*Problem description*: Nothing outside the lines below from the one containing "據(jù)統(tǒng)計(jì),20" through the one containing "وأرفقت آمال ماهر" is to be printed; print those exactly, ends included, and drop the pictures.

*Source material*:
■ ■ ■ ■ ■ ■ ■
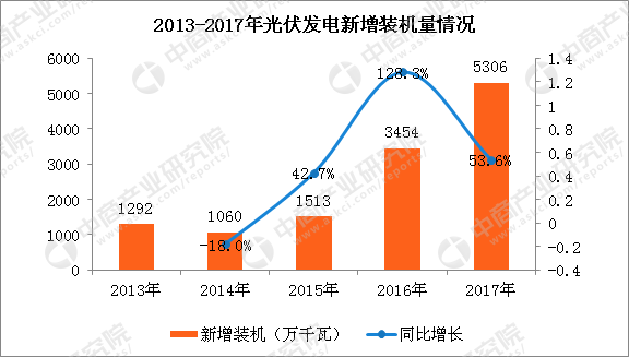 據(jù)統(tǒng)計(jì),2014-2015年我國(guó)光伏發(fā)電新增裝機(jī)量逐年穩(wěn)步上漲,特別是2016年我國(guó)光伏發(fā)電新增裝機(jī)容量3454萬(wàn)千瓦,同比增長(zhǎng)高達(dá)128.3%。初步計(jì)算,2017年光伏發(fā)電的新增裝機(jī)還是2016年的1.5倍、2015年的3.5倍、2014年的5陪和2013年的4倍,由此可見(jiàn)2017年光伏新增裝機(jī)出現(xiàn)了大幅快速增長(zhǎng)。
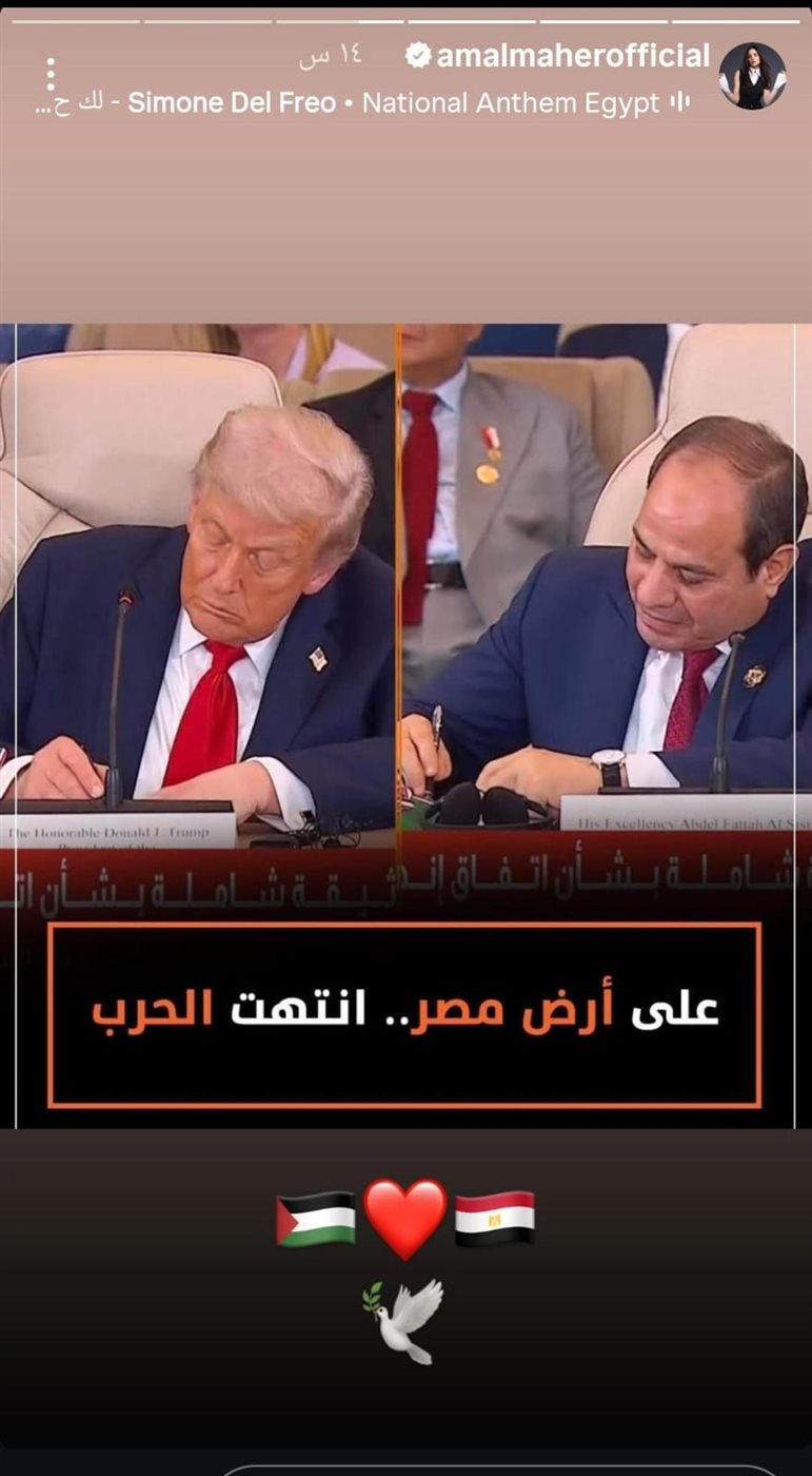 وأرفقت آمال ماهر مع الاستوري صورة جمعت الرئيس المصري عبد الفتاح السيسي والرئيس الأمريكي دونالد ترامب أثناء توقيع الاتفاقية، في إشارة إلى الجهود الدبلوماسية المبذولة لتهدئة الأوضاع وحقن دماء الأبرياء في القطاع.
■ ■ ■ ■ ■ ■ ■
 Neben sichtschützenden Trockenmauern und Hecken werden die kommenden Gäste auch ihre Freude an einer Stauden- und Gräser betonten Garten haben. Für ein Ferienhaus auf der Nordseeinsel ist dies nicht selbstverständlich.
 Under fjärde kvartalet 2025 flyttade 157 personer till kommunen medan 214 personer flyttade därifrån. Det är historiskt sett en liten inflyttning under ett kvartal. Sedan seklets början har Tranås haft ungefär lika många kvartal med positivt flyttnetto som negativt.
■ ■ ■ ■ ■ ■ ■
*Response*:
 據(jù)統(tǒng)計(jì),2014-2015年我國(guó)光伏發(fā)電新增裝機(jī)量逐年穩(wěn)步上漲,特別是2016年我國(guó)光伏發(fā)電新增裝機(jī)容量3454萬(wàn)千瓦,同比增長(zhǎng)高達(dá)128.3%。初步計(jì)算,2017年光伏發(fā)電的新增裝機(jī)還是2016年的1.5倍、2015年的3.5倍、2014年的5陪和2013年的4倍,由此可見(jiàn)2017年光伏新增裝機(jī)出現(xiàn)了大幅快速增長(zhǎng)。
 وأرفقت آمال ماهر مع الاستوري صورة جمعت الرئيس المصري عبد الفتاح السيسي والرئيس الأمريكي دونالد ترامب أثناء توقيع الاتفاقية، في إشارة إلى الجهود الدبلوماسية المبذولة لتهدئة الأوضاع وحقن دماء الأبرياء في القطاع.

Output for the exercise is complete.